I am using the following command to find a pattern spanning multiple lines and replacing it with a blank line:
sed -n '1h; 1!H; ${ g; s/<Pattern1>\n<pattern2> //g p }' <file-name>
For example, to find the pattern John Doe
in a file test.txt which contains the following entries:
Mary
John
Doe
Simon
Henry
I would use the command:
sed -n '1h; 1!H; ${ g; s/John\nDoe //g p }' test.txt
However, I can't seem to make this command work for a pattern which has the second line as a blank, i.e. using the ^$ character.
Thus, if I were to search for the multi-line pattern, Mary followed by a blank line, I do not see any matching patterns. Thus, the following command causes no searches and thus no substitutions.

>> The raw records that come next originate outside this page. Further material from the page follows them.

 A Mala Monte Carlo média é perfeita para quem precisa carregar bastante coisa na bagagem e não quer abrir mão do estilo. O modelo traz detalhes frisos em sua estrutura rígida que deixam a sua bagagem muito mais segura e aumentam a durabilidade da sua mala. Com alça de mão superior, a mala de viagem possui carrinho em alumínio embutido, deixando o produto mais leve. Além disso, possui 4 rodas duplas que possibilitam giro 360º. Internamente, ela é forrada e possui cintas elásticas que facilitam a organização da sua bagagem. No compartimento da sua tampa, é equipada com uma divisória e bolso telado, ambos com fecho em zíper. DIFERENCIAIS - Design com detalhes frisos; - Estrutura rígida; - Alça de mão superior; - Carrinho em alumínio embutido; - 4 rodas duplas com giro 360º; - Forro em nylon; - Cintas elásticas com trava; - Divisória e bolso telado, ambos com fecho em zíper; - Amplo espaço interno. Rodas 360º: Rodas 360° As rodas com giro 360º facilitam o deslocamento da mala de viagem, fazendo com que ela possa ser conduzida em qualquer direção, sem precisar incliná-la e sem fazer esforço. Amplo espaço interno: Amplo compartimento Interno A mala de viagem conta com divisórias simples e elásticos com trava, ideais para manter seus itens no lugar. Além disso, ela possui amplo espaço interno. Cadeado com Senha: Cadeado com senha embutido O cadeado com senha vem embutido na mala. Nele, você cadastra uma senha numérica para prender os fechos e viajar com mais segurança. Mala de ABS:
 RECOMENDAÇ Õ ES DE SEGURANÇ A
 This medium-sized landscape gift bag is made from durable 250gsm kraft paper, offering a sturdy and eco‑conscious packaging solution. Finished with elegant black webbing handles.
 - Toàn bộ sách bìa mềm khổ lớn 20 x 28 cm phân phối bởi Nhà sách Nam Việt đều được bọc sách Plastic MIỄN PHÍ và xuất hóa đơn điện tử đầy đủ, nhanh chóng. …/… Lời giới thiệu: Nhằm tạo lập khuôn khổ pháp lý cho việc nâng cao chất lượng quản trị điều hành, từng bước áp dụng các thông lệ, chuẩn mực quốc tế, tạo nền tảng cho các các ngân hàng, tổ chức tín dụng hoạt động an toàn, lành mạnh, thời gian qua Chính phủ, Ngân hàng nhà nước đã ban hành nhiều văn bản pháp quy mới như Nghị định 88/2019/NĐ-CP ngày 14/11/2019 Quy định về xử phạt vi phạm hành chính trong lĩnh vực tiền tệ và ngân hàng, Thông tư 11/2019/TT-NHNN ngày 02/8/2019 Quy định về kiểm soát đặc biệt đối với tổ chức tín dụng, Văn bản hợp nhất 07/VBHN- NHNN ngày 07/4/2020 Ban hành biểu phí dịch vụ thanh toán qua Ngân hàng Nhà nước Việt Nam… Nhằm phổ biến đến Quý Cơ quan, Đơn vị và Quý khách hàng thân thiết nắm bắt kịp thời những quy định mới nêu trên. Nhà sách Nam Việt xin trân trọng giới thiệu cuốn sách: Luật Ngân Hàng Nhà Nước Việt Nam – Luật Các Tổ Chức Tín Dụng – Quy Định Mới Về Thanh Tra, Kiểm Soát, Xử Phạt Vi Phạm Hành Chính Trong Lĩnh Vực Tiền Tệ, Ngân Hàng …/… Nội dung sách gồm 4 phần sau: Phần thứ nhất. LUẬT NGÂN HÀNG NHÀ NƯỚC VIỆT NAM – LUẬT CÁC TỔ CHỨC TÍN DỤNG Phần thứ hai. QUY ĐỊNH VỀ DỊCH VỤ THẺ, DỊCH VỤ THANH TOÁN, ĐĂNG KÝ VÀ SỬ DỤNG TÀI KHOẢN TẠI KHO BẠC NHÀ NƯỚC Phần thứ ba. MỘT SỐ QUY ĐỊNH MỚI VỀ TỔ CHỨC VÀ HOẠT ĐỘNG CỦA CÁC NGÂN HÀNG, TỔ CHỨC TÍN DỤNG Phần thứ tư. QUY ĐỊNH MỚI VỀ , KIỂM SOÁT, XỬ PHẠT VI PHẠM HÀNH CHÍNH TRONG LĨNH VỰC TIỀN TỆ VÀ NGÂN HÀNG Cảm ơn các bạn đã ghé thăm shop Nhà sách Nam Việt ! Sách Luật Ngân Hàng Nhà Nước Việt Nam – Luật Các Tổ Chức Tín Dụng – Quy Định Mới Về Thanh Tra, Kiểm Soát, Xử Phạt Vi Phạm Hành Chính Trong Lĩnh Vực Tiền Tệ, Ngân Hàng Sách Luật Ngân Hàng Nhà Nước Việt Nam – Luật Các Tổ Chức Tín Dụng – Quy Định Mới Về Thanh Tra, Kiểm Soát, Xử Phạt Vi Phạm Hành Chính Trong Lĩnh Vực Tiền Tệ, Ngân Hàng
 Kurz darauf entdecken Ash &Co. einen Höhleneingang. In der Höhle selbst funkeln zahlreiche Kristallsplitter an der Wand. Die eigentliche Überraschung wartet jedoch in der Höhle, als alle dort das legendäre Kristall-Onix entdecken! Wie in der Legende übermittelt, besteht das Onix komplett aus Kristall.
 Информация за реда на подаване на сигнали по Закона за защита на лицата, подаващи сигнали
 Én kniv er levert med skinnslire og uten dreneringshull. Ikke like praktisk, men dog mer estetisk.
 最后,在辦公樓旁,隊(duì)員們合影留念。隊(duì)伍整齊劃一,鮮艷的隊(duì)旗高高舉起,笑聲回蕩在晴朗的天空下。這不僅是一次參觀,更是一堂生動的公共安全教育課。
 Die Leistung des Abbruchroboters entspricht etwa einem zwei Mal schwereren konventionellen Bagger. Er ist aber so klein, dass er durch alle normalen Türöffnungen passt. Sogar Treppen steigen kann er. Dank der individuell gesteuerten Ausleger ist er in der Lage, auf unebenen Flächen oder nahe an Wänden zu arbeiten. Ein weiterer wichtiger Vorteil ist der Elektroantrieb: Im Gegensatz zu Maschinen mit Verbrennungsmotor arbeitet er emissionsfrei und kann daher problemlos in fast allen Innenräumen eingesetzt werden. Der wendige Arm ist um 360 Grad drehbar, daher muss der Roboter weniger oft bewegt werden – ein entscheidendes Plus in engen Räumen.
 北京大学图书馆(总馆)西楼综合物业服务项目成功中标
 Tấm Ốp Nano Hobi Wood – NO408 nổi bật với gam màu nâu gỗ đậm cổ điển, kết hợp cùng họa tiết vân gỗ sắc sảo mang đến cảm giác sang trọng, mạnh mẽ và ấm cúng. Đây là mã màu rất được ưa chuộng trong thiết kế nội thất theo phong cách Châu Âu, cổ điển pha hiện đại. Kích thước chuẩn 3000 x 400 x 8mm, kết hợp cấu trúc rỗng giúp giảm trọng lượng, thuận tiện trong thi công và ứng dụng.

sed -n '1h; 1!H; ${ g; s/Mary\n^$ //g p }' test.txt
Any thoughts?
EDIT
However, if I store multiple such command in a file and execute them, then the first search goes through fine, however on searching for subsequent patterns, I get a blank output from sed.
That is if I store, sed -n '1h; 1!H; ${ g; s/\n //g p }' sed -n '1h; 1!H; ${ g; s/\n //g p }' in a file and then execute each line in the this file using the eval keyword, then the first sed replaces the first multi-line patterns, i.e. pattern1, followed by pattern2, however, it returns a blank output even though the file contains these patterns. Any clues?